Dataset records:
○ ○ ○ ○ ○ ○ ○

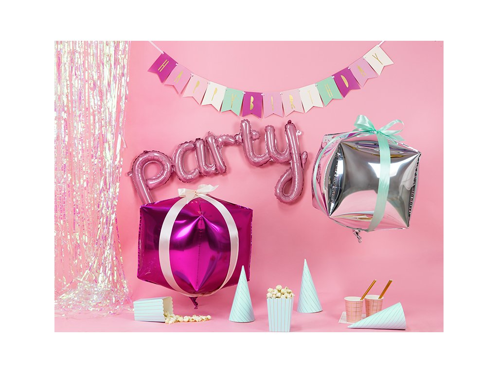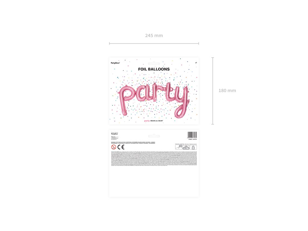 Tento krásný foliový balónek v barvě růžové - pink je tou nejlepší volbou na každou správnou párty. Tento fóliový balónek nelze nafouknout héliem neboť je při nafouknutí těžší než samotné helium, tudíž se nebude vznášet. Balonek lze nafouknout jen vzduchem pomocí kompresoru, pumpičky nebo pomocí brčka - duté slámky. Pomocí oček na balonku lze nápis "party" snadno zavěsit. Rozměry balonku jsou : 80x40cm
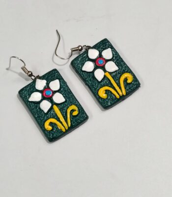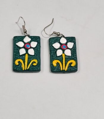 Terracotta Earring Blue Color Red Flower
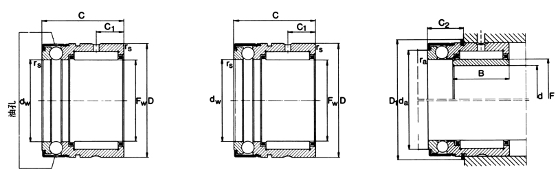 润滑,允许值勤为表中数值的60%。3)内圈和止动环必须分别地订购。4)如两轴承要调至最小的中心距,其止动环必须缩短。
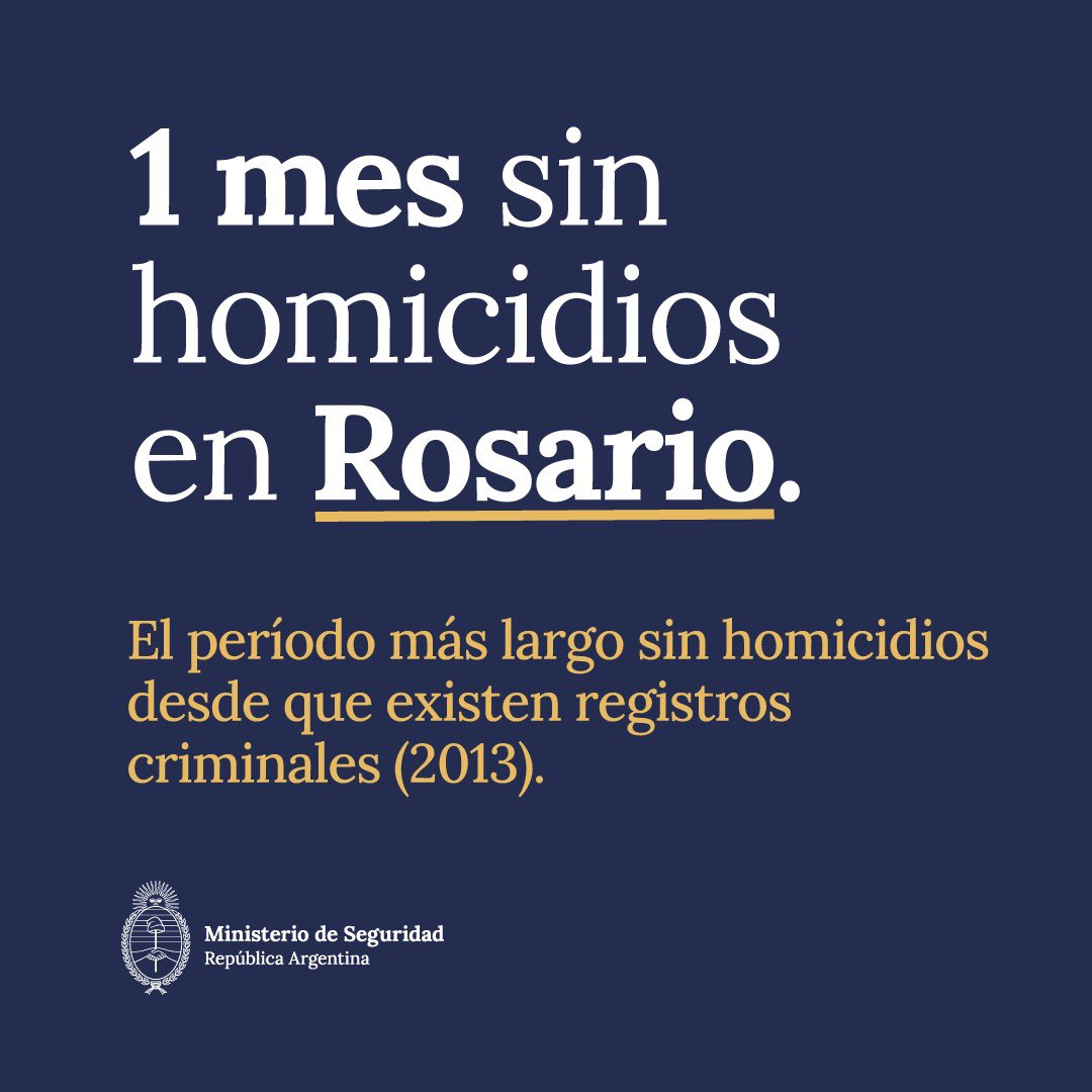 El ministerio de Seguridad de la Nación destacó que durante el último mes no se registraron homicidios en la ciudad de Rosario. Desde la cartera comandada por Patricia Bullrich, informaron que este registro estadístico no se daba desde el año 2013 en la ciudad.
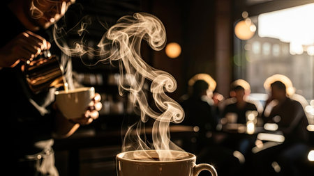 A barista pours a hot beverage into a cup, with steam rising dramatically. The image showcases soft lighting, creating a warm and inviting atmosphere. The composition includes blurred figures in the background, suggesting a cafe setting with potential use in promotional materials or editorial content.

○ ○ ○ ○ ○ ○ ○

◆ What you need to do: Could you please write out the entries exactly as they are, with every picture left out?

◆ Answer to the exercise:
 Tento krásný foliový balónek v barvě růžové - pink je tou nejlepší volbou na každou správnou párty. Tento fóliový balónek nelze nafouknout héliem neboť je při nafouknutí těžší než samotné helium, tudíž se nebude vznášet. Balonek lze nafouknout jen vzduchem pomocí kompresoru, pumpičky nebo pomocí brčka - duté slámky. Pomocí oček na balonku lze nápis "party" snadno zavěsit. Rozměry balonku jsou : 80x40cm
 Terracotta Earring Blue Color Red Flower
 润滑,允许值勤为表中数值的60%。3)内圈和止动环必须分别地订购。4)如两轴承要调至最小的中心距,其止动环必须缩短。
 El ministerio de Seguridad de la Nación destacó que durante el último mes no se registraron homicidios en la ciudad de Rosario. Desde la cartera comandada por Patricia Bullrich, informaron que este registro estadístico no se daba desde el año 2013 en la ciudad.
 A barista pours a hot beverage into a cup, with steam rising dramatically. The image showcases soft lighting, creating a warm and inviting atmosphere. The composition includes blurred figures in the background, suggesting a cafe setting with potential use in promotional materials or editorial content.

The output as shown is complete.